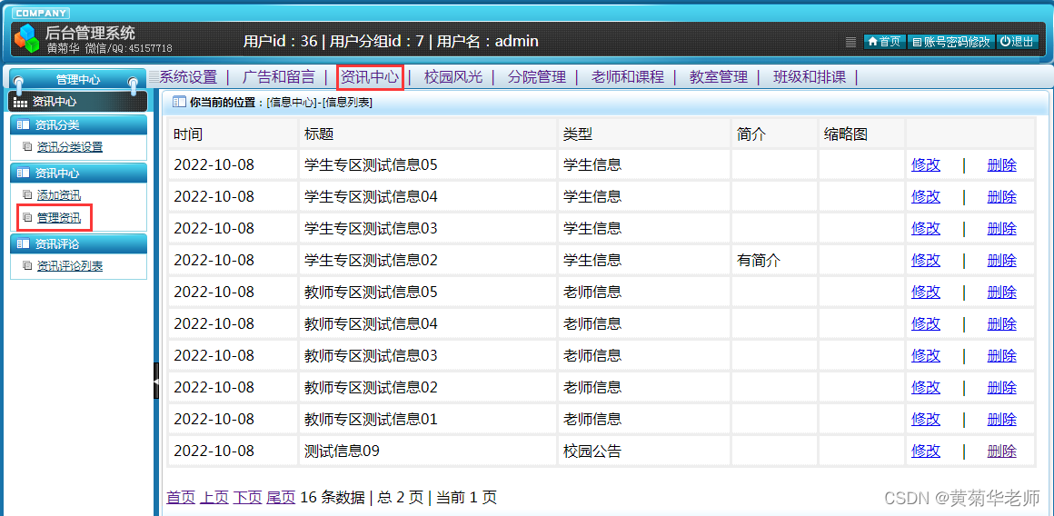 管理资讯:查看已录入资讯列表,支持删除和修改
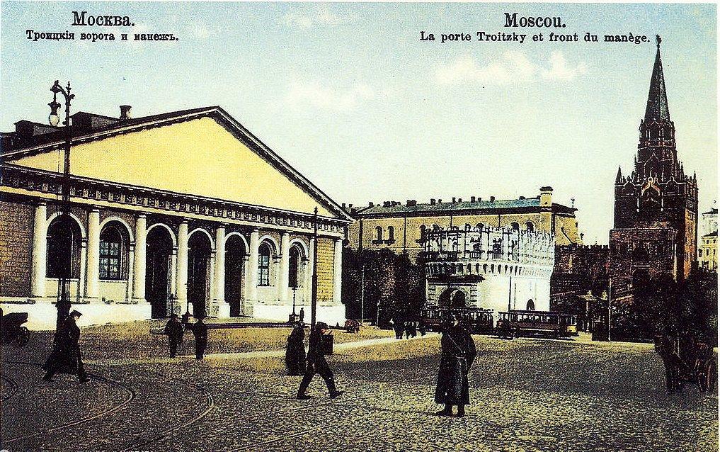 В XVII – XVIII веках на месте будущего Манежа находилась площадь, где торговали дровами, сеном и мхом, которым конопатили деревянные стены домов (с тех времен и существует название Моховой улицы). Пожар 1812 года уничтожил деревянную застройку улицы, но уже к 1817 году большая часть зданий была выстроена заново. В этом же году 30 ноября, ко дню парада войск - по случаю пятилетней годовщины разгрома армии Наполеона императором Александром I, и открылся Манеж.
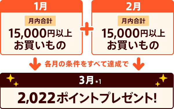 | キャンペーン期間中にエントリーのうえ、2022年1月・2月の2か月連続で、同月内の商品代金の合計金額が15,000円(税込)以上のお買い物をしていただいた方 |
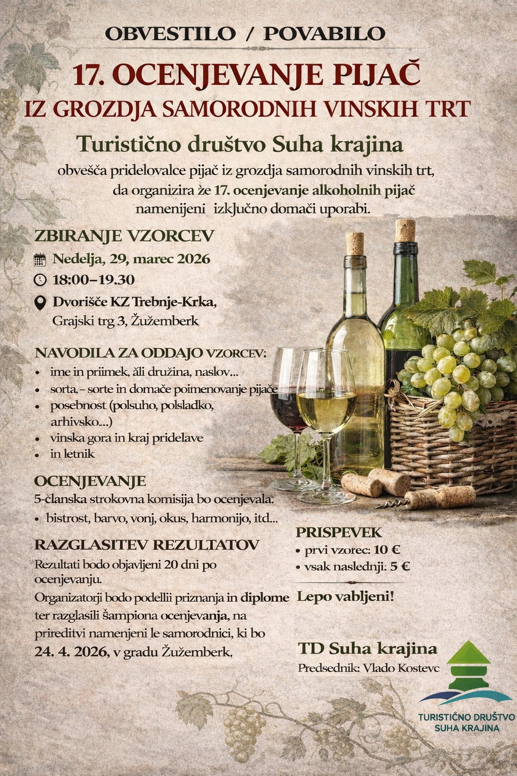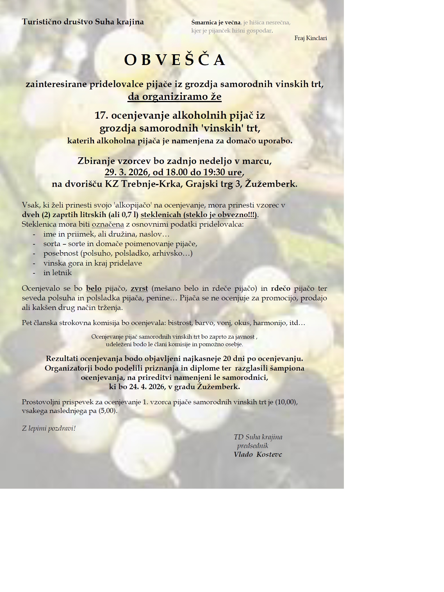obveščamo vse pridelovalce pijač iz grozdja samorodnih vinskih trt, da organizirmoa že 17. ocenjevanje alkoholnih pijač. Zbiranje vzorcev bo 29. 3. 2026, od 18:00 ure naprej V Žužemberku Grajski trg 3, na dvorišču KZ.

* _TASK STATEMENT_:
Leave out the pictures and copy the rest of the material above exactly.

* _ANSWER TO THIS TASK_:
 管理资讯:查看已录入资讯列表,支持删除和修改
 В XVII – XVIII веках на месте будущего Манежа находилась площадь, где торговали дровами, сеном и мхом, которым конопатили деревянные стены домов (с тех времен и существует название Моховой улицы). Пожар 1812 года уничтожил деревянную застройку улицы, но уже к 1817 году большая часть зданий была выстроена заново. В этом же году 30 ноября, ко дню парада войск - по случаю пятилетней годовщины разгрома армии Наполеона императором Александром I, и открылся Манеж.
 | キャンペーン期間中にエントリーのうえ、2022年1月・2月の2か月連続で、同月内の商品代金の合計金額が15,000円(税込)以上のお買い物をしていただいた方 |
obveščamo vse pridelovalce pijač iz grozdja samorodnih vinskih trt, da organizirmoa že 17. ocenjevanje alkoholnih pijač. Zbiranje vzorcev bo 29. 3. 2026, od 18:00 ure naprej V Žužemberku Grajski trg 3, na dvorišču KZ.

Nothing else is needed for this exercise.